FontCode is not a initial record to censor a summary in text—programs exist to censor messages in PDF and Word files or to resize whitespace to imply a 0 or 1—but, a researchers say, it is a initial to be document-independent and to keep a tip information even when a request or an picture with content (PNG, JPG) is printed or converted to another record type.
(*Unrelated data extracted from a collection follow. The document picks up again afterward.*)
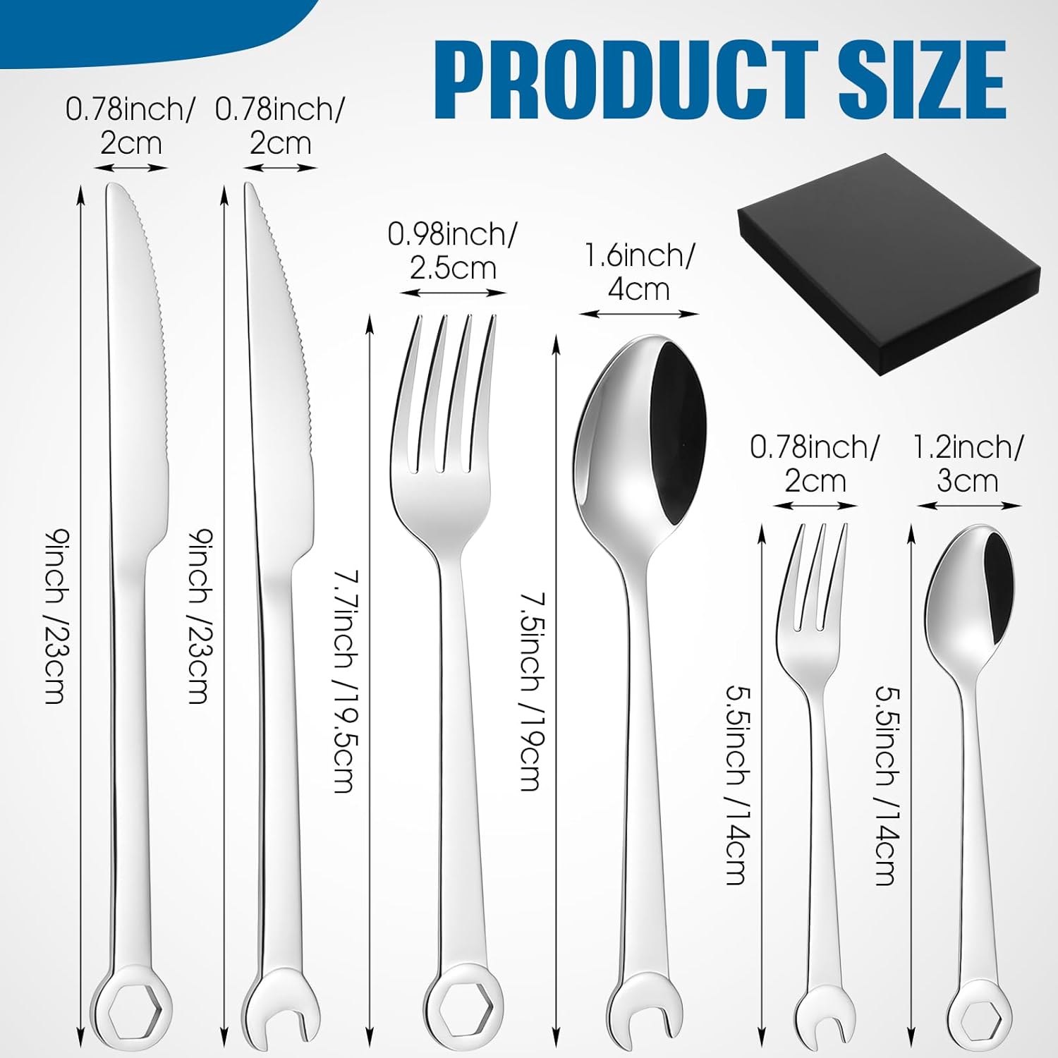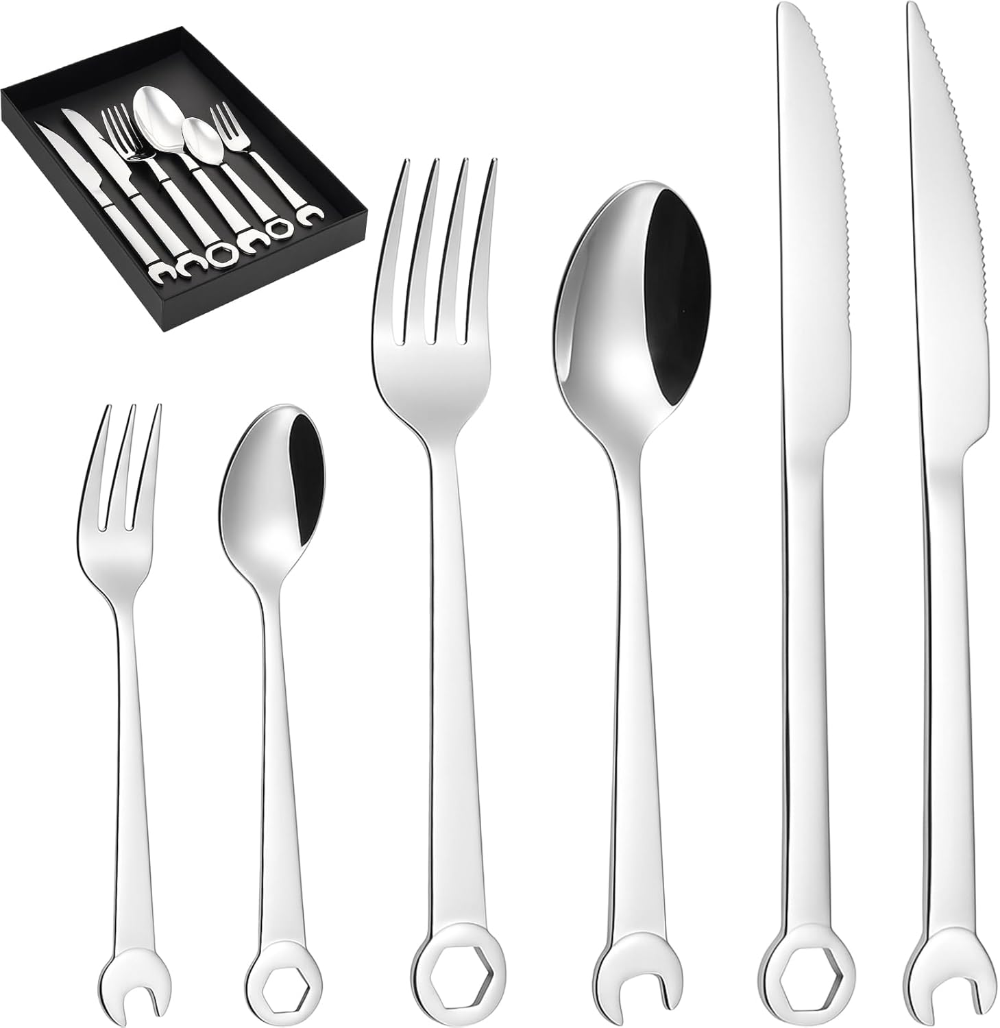 Honeydak 6 Pieces Silverware Tool Cutlery Set Stainless Steel Tableware Set Tool Fork, Knife and Spoon Gift Box Storage Housewarming Mechanic Gifts Wrench for Kitchen Utensil Camping Travel
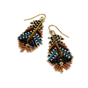 These truly unique earrings are skillfully crafted with premium Japanese Miyuki glass beads which are handwoven to create a delicate feather form. Speckled with gold beads and adorned with a brass charm, these earrings are perfect to use every day or for a special occasion. They are extremely lightweight and comfortable to wear. The earrings are hung from gold-plated ear wires fitted with a silicone backing for security.
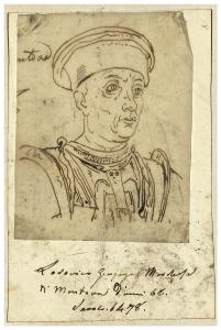 - NOTIZIE STORICO CRITICHE Già appartenuto alla collezione di Luigi Conconi, questo disegno di Tranquillo Cremona raffigura il ritratto a mezzo busto di Lodovico Gonzaga marchese di Mantova. L'effigie è derivata nello stesso verso dall'illustrazione incisa contenuta ne "Ritratti et elogii di capitani illustri" (p. 119) di Giulio Roscio, volume pubblicato a Roma nel 1635. L'artista appuntò inoltre accanto al ritratto alcune notizie biografiche del personaggio desunte dall'elogio di Roscio, poi ritagliate. Durante gli anni della sua formazione, ricevuta prima a Venezia e poi a Milano, Cremona si esercitò lungamente attraverso la pratica del disegno: nota è del resto l'abitudine del pittore di portare sempre con sé dei taccuini da disegno nelle sue visite a musei e gallerie (cfr. L. Beltrami, Un maestro Tranquillo Cremona, 1837-1878, Roma 1929). Il foglio in esame fa parte di una serie di uomini illustri immortalati da Cremona a scopo documentario e destinato forse ad un'impresa mai realizzata.

This means a FrameMaker or Word record can be converted to PDF, or a JPG can be converted to PNG, all though losing a tip information.
To use FontCode, a user would supply a tip summary and a conduit content document. FontCode translates a tip summary to a bit fibre (ASCII or Unicode) and afterwards into a method of integers. Each integer is reserved to a five-letter retard in a unchanging content where a numbered codebook locations of any notation sum to a integer.
Recovering dark messages is a retreat process. From a digital record or from a sketch taken with a smartphone, FontCode matches any disturbed notation to a strange distress in a codebook to refurbish a strange message.
Matching is finished regulating convolutional neural networks (CNNs). Recognizing vector-drawn fonts (such as those stored as PDFs or combined with programs like Illustrator) is candid given figure and trail definitions are computer-readable. However, it’s a opposite story for PNG, IMG, and other rasterized (or pixel) fonts, where lighting changes, incompatible camera perspectives, or sound or blurriness might facade a partial of a notation and forestall an easy recognition.
While CNNs are lerned to take into comment such distortions, approval errors will still occur, and a pivotal plea for a researchers was ensuring a summary could always be recovered in a face of such errors. Redundancy is one apparent approach to redeem mislaid information, though it doesn’t work good with content given surplus letters and black are easy to spot.
Instead, a researchers incited to a 1700-year-old Chinese Remainder Theorem, that identifies an opposite series from a residue after it has been divided by several opposite divisors. The postulate has been used to refurbish blank information in other domains; in FontCode, researchers use it to redeem a strange summary even when not all letters are rightly recognized.
“Imagine carrying 3 opposite variables,” says Zheng. “With 3 linear equations, we should be means to solve for all three. If we boost a series of equations from 3 to five, we can solve a 3 unknowns as prolonged as we know any 3 out of a 5 equations.”
Using a Chinese Remainder theory, a researchers demonstrated they could redeem messages even when 25% of a notation perturbations were not recognized. Theoretically a blunder rate could go aloft than 25%.
The authors, who have filed a obvious with Columbia Technology Ventures, devise to extend FontCode to other languages and impression sets, including Chinese.
“We are vehement about a extended array of applications for FontCode,” says Zheng, “from request government software, to invisible QR codes, to insurance of authorised documents. FontCode could be a diversion changer.”
—by Holly Evarts
About a Study
The investigate is patrician “FontCode: Embedding Information in Text Documents regulating Glyph Perturbation.”
Authors are: Changxi Zheng, Chang Xiao, and Cheng Zhang(department of mechanism science, Columbia Engineering).
The investigate was upheld in partial by a National Science Foundation.